In this article, my agent and I investigated a series of videos from the channel “ 3Blue1Brown ,” which were very important to me in my quest to understand how LLMs work. The video series, called Neural Networks, offers a very deep insight into the central mechanisms of neural networks and large language models (LLMs), such as GPT-3.

A significant portion of the video content focuses on the structure and operation of Transformers, detailing the Attention mechanism, which is a process that allows word vectors to adjust their meanings based on context, through weight, query , key, and value matrices. When I understood how this works, it opened up a world of understanding and possibilities for how to interact with these models to obtain information , learn , generate content, and share knowledge with them.

And that spark is what gave rise to the Semantic+Agent and this series of articles.

In this first text, I began by asking the model about the central concepts of the Transformer's attention mechanisms, and after some interactions, I decided to focus on the mechanism of progressive adjustment of incorporations and the richer contextual meaning that this process generates. I know, it seems complicated, and it really is, but I'll try to make things easier.

Contents

A response mechanism that doesn't have pre-set answers?

If you've interacted with a chatbot in the last two years, you might have had the feeling that it seems like magic. You ask a complex question and, in seconds, you receive a coherent and creative answer. Not that it's always right, but there's text there that makes sense .

We might be tempted to imagine that what was generated came from an almost unintelligible jumble of words, but in reality it is much more coherent than that. There is an internal mechanism in Large-Scale Language Models (LLMs); in reality, it is a system with principles that echo concepts from information science—and I'm biased, but not exclusively.

But to understand how all this works, and to somehow relate it to our SEO work, I had to contain my curiosity and take it step by step. During the Q&A session with my agent, I learned that we can divide our understanding into six parts.
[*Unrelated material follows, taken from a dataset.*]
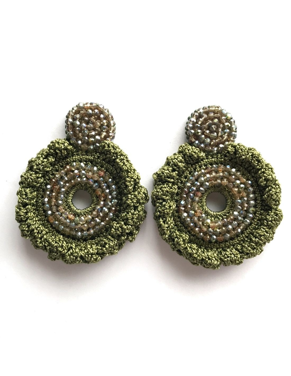 Ces boucles d'oreilles en crochet tricotées à la main sont artisanales et sophistiquées. Réalisées avec des fils de satin, elles forment un cercle délicat qui apporte mouvement et luminosité à chaque look. Au centre, des cristaux circulaires ajoutent de l'éclat et de la profondeur, créant un contraste élégant qui met en valeur la texture du tissage. Le cristal taupe renforce l'esthétique raffinée avec un détail subtil et féminin.

That said, here are my notes on what I found.

My 6 surprising discoveries

Finding #1: A word doesn't have a meaning, it has a starting point.

At the beginning of the Transformer process, each word (or " token ") in the generated text receives a numeric vector, which is a long list of numbers called " embedding ." You've heard that word before, right? That's what it means. But the interesting finding here is that this initial embedding is identical for the same word, regardless of the context in which it appears. Did you know that? I didn't.
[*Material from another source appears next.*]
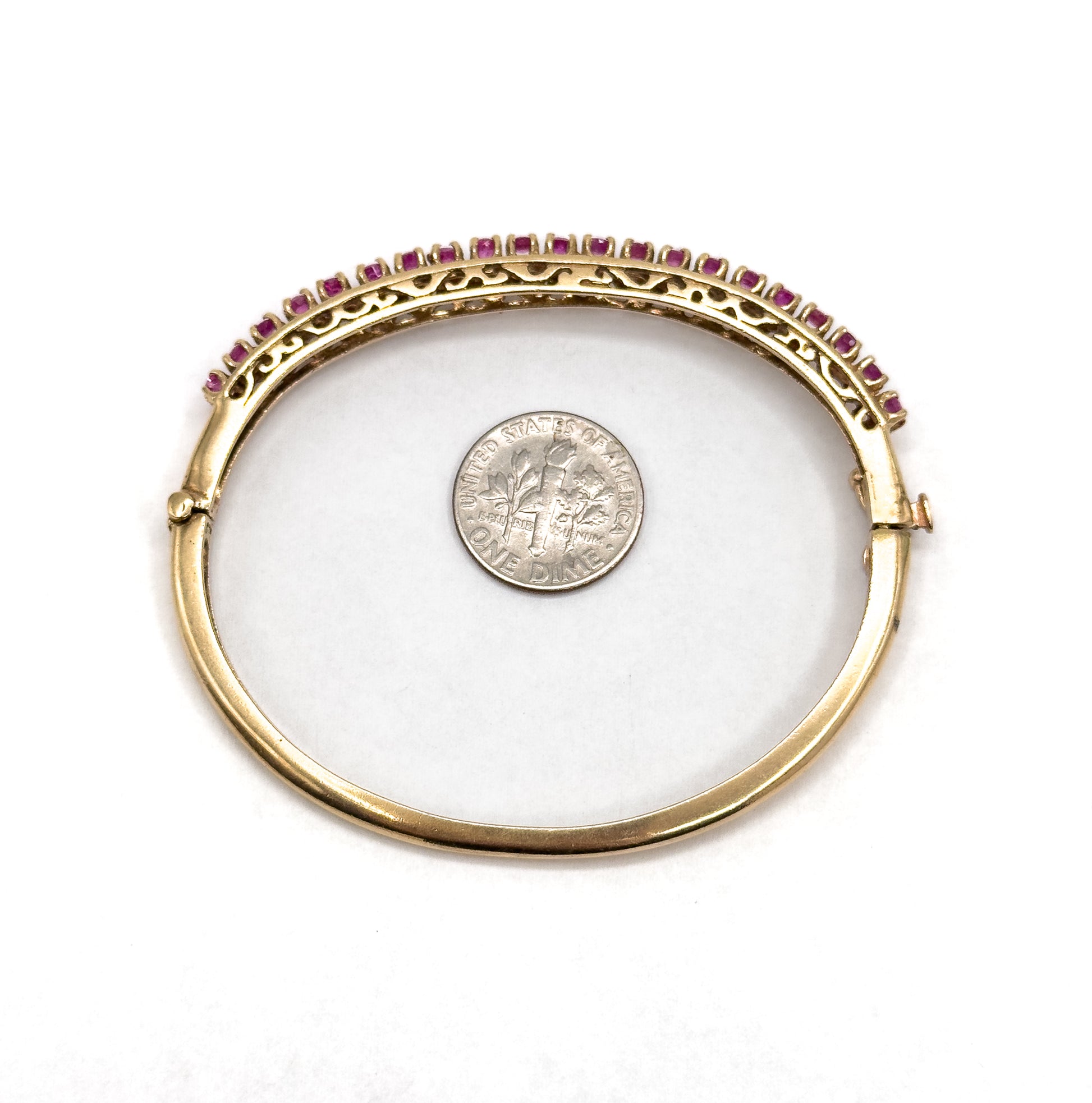 Vintage MidCentury Ruby Line Hinged Bangle Bracelet in 14K Gold

An example my agent gave me was this:

Consider the word "mole." In the phrases "the true American mole" and "perform a mole biopsy," the word has two semantically distinct meanings. However, in the first step of the model, the numerical vector for "mole" is exactly the same in both cases.

generic starting point in a gigantic space of meanings. This reminded me a lot of the concept of semantic field, and I started thinking about the size of the fields that the models create for each word they generate.

But the real work of a Transformer is to progressively adjust these embeddings, layer by layer, moving them in this high-dimensional space so that they incorporate a rich, contextual meaning specific to that phrase.

This completely changed my perception of this process. Since the model doesn't "look up" a definition in an internal dictionary, I understood that it constructs meaning in real time, in a process of continuous refinement.

Another example the agent gave me was even more impactful:

Imagine that, at the end of a long mystery novel that concludes with "therefore, the murderer was…", the final vector for the word "was" needs to have absorbed and encoded all the relevant information from the story to be able to correctly predict the murderer's name.

Finding #2: Models ask questions and find answers all the time.

I discovered that LLMs talk to themselves, just like us humans. There's an "attention" mechanism, which is the heart of a Transformer, and it can be understood as a constant internal dialogue. Remember that as the Transformer works, words gain more specific meanings, right? So, each word generates a "Query" vector , which is a process that asks a question about the rest of the sentence.

Let's look at another example:

Imagine a noun like "creature," the search for its meaning might generate a query that, in essence, asks something like: "Hey, is there an adjective around here that describes me?"

Other words in the sentence, in turn, generate "Key" vectors, which serve as potential answers. The adjectives "cute" and "blue" would have keys that "answer" affirmatively to the "creature's" question.

The strength of the match between the Query of one word and the Key of another (measured by a mathematical operation called the dot product ) determines how relevant one word is to the other in that specific context.

Once relevance is established, the "relevant" word sends its "Value," a packet of information, to update the embedding of the word that asked the question. Yes, I was confused by that part too.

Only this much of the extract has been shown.